WORK ITEM: Up to and including the line that contains "Dựa vào bảng", repeat the entries below exactly from the first line on. Do not carry over any pictures.

Records from a collection:
+ + + + +
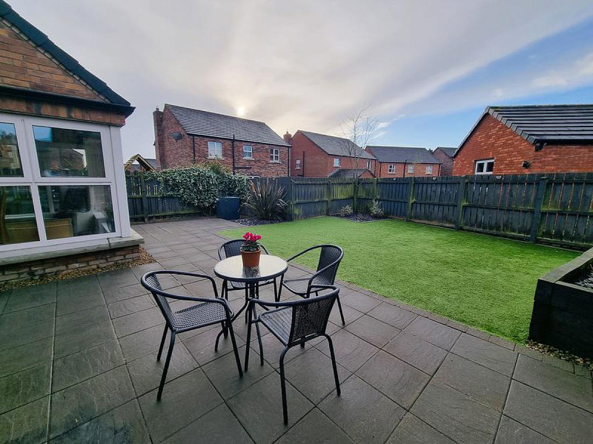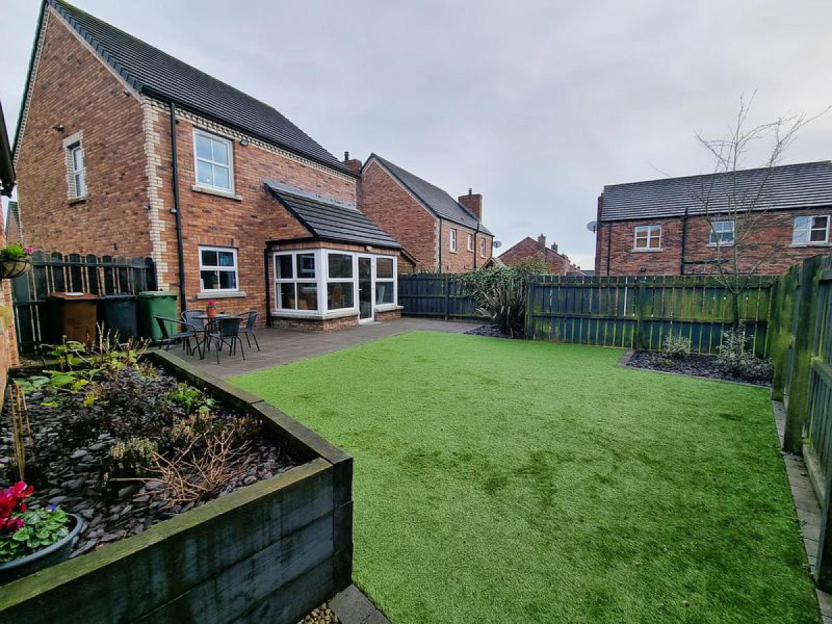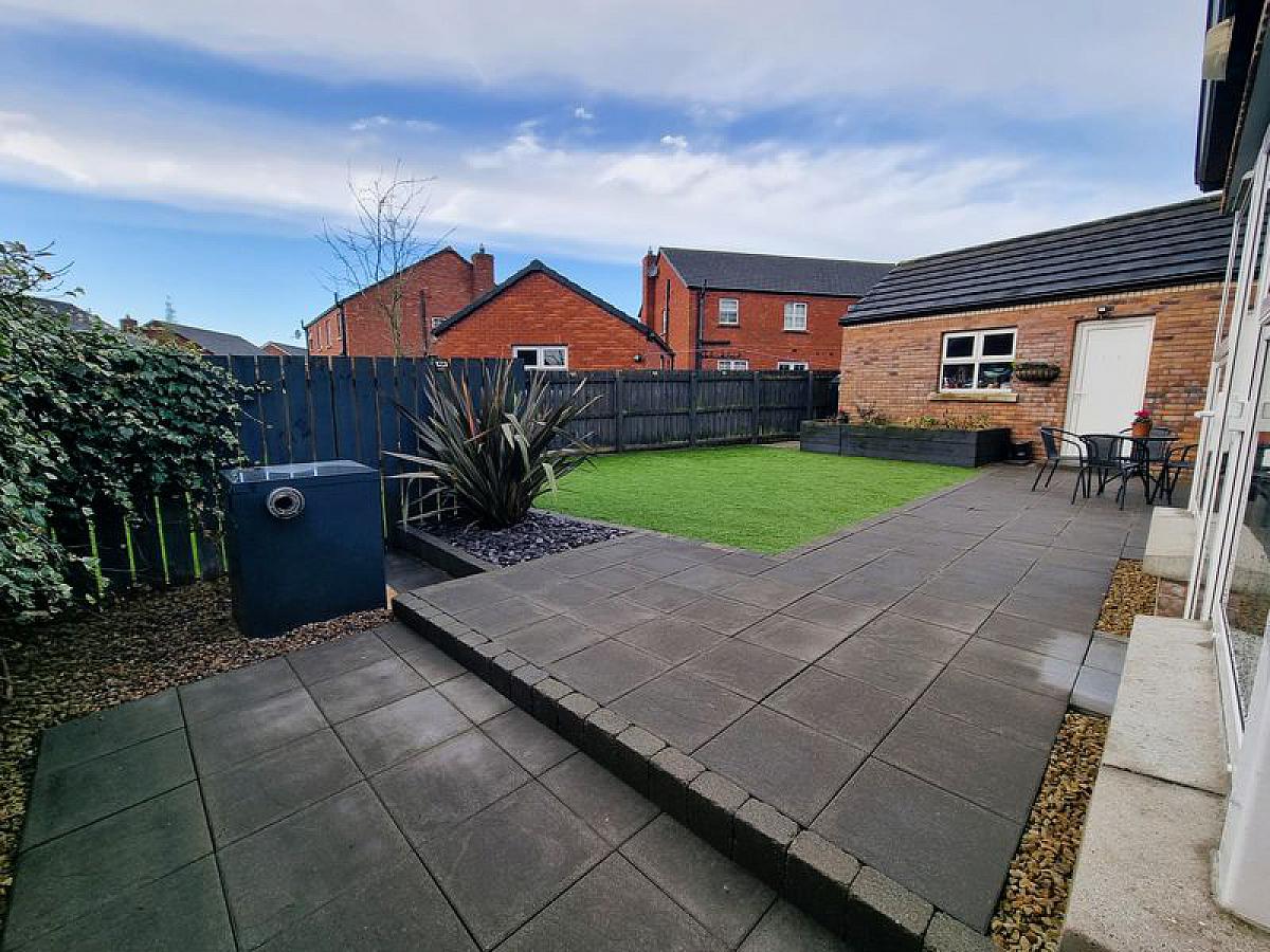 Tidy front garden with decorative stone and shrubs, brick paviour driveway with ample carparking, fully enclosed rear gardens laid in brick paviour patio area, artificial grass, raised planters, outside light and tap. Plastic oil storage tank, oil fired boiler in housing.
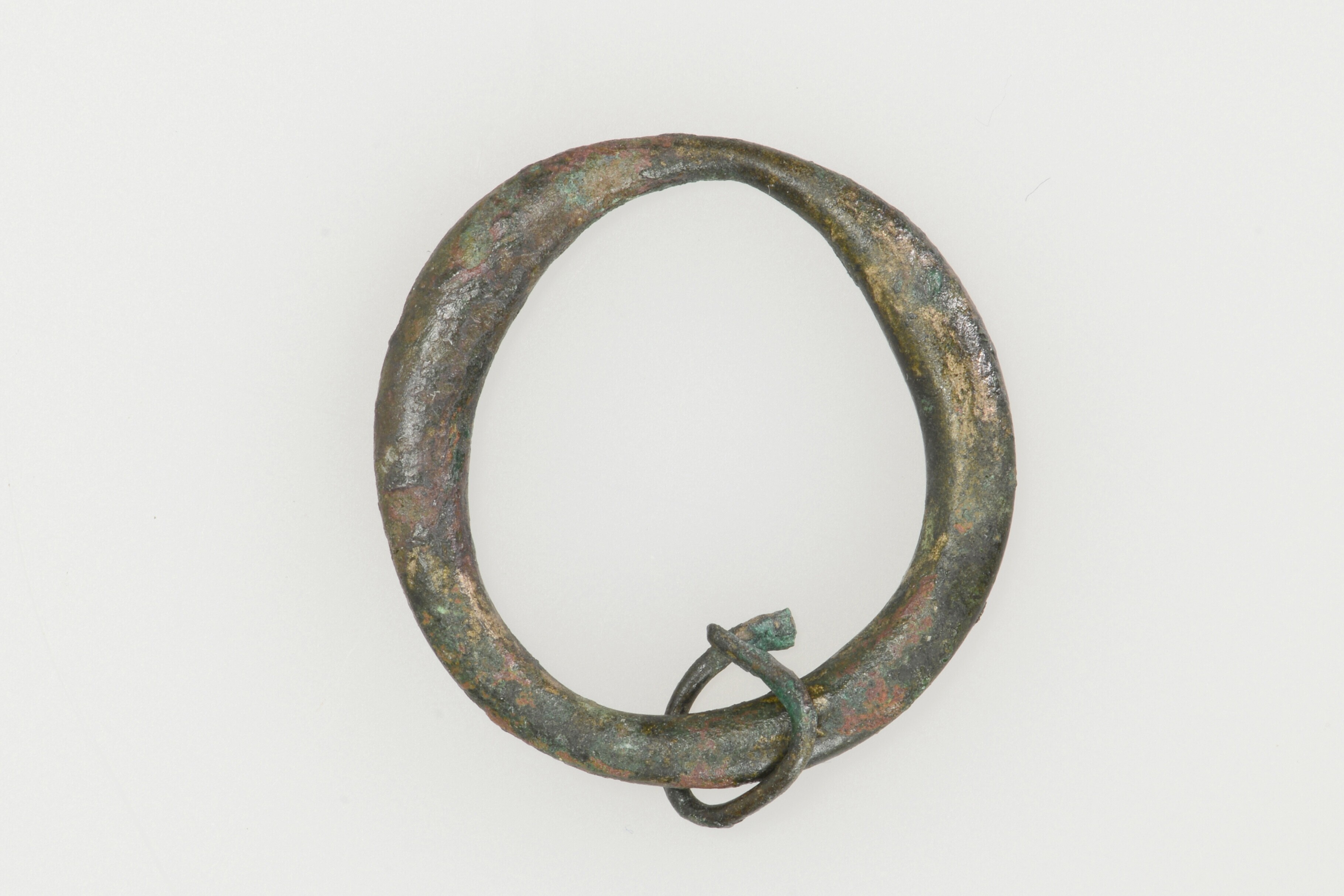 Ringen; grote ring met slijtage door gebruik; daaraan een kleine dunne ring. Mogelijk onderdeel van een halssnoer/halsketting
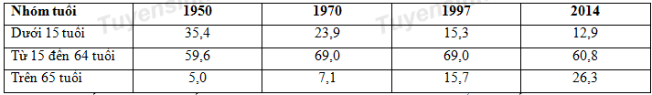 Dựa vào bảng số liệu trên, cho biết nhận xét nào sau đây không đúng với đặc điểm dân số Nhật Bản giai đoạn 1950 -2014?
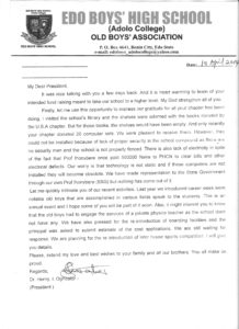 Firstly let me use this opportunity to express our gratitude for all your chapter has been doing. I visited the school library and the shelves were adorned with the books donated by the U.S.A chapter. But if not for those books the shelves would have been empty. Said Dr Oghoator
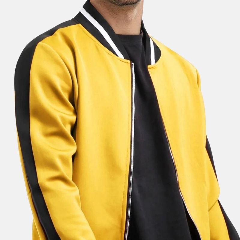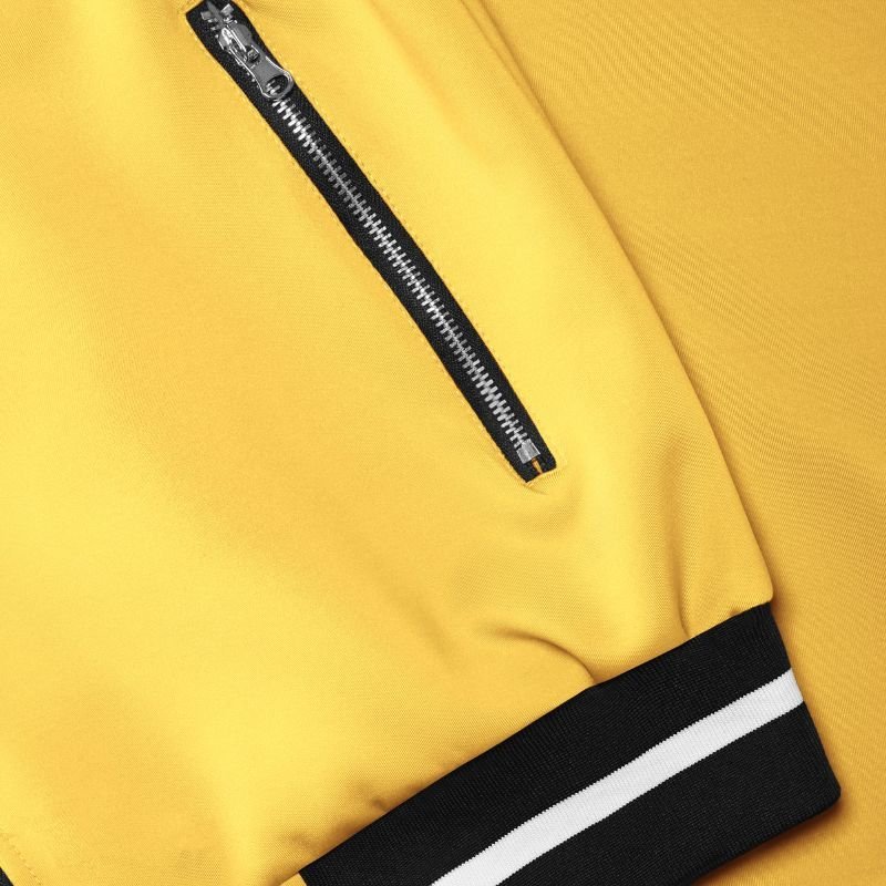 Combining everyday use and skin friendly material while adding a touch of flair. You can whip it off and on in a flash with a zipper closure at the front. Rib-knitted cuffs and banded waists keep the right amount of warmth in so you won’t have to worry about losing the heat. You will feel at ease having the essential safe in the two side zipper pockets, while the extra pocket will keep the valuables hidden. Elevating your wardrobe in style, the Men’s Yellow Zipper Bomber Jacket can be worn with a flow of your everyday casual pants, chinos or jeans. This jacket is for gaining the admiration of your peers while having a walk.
+ + + + +
ANSWER TO THIS TASK:
 Tidy front garden with decorative stone and shrubs, brick paviour driveway with ample carparking, fully enclosed rear gardens laid in brick paviour patio area, artificial grass, raised planters, outside light and tap. Plastic oil storage tank, oil fired boiler in housing.
 Ringen; grote ring met slijtage door gebruik; daaraan een kleine dunne ring. Mogelijk onderdeel van een halssnoer/halsketting
 Dựa vào bảng số liệu trên, cho biết nhận xét nào sau đây không đúng với đặc điểm dân số Nhật Bản giai đoạn 1950 -2014?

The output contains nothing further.